As a note, the current implementation does allow debuggers to mutate frame
locals -- as long as they understand that they need to call `
PyFrame_LocalsToFast ` when doing such a change -- potentially using ctypes
(I'm just mentioning this because PEP 558 seems to imply this isn't
possible).

i.e.: Debuggers already *must* call ` PyFrame_LocalsToFast ` if locals from
a frame which is not the current frame are being mutated, so, as far as I
can see a debugger is already broken if it isn't doing that -- some years
ago I even thought about exposing it in the frame API:
https://bugs.python.org/issue1654367, but in the end accessing it through
the C-API through ctypes does get the job done, debugger authors just need
to be aware of it -- PyPy also has a counterpart mentioned in that issue.

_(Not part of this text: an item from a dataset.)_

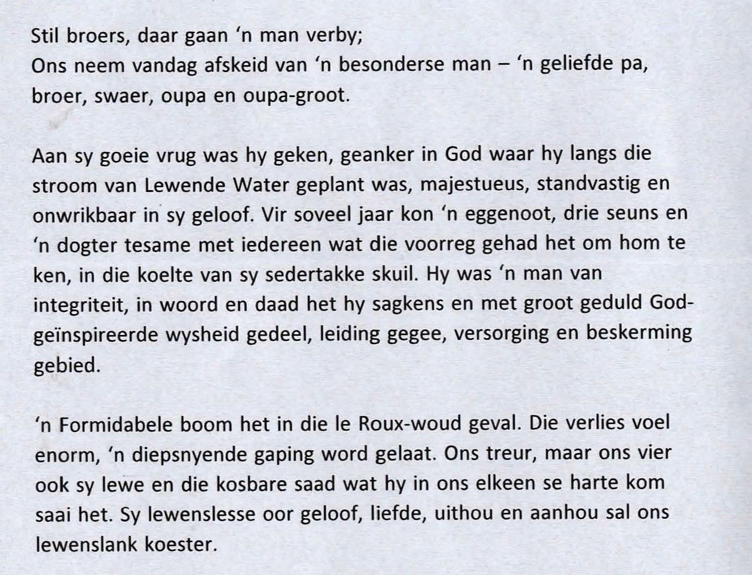 Funeral Programs / Begrafnisbriewe

I agree that having f_locals be a proxy that does everything transparently
would be better, but unfortunately I don't currently have the time
available to help there... in your opinion, just removing those calls as I
proposed (requiring that debuggers call `PyFrame_LocalsToFast`) would be
acceptable? If you think it is, I'll proceed on creating the PEP, otherwise
I'll probably just drop it until f_locals becomes a proxy (in which case
I'd expect the `PyFrame_FastToLocalsWithError` and `PyFrame_LocalsToFast`
to be removed in the same commit which converts f_locals to a proxy).

Cheers,

Fabio
Re: Improve CPython tracing performance [ In reply to ]
On Fri, 30 Oct 2020 at 20:52, Fabio Zadrozny <fabiofz@gmail.com> wrote:
> On Fri, Oct 30, 2020 at 7:02 AM Nick Coghlan <ncoghlan@gmail.com> wrote:
> As a note, the current implementation does allow debuggers to mutate frame locals -- as long as they understand that they need to call ` PyFrame_LocalsToFast ` when doing such a change -- potentially using ctypes (I'm just mentioning this because PEP 558 seems to imply this isn't possible).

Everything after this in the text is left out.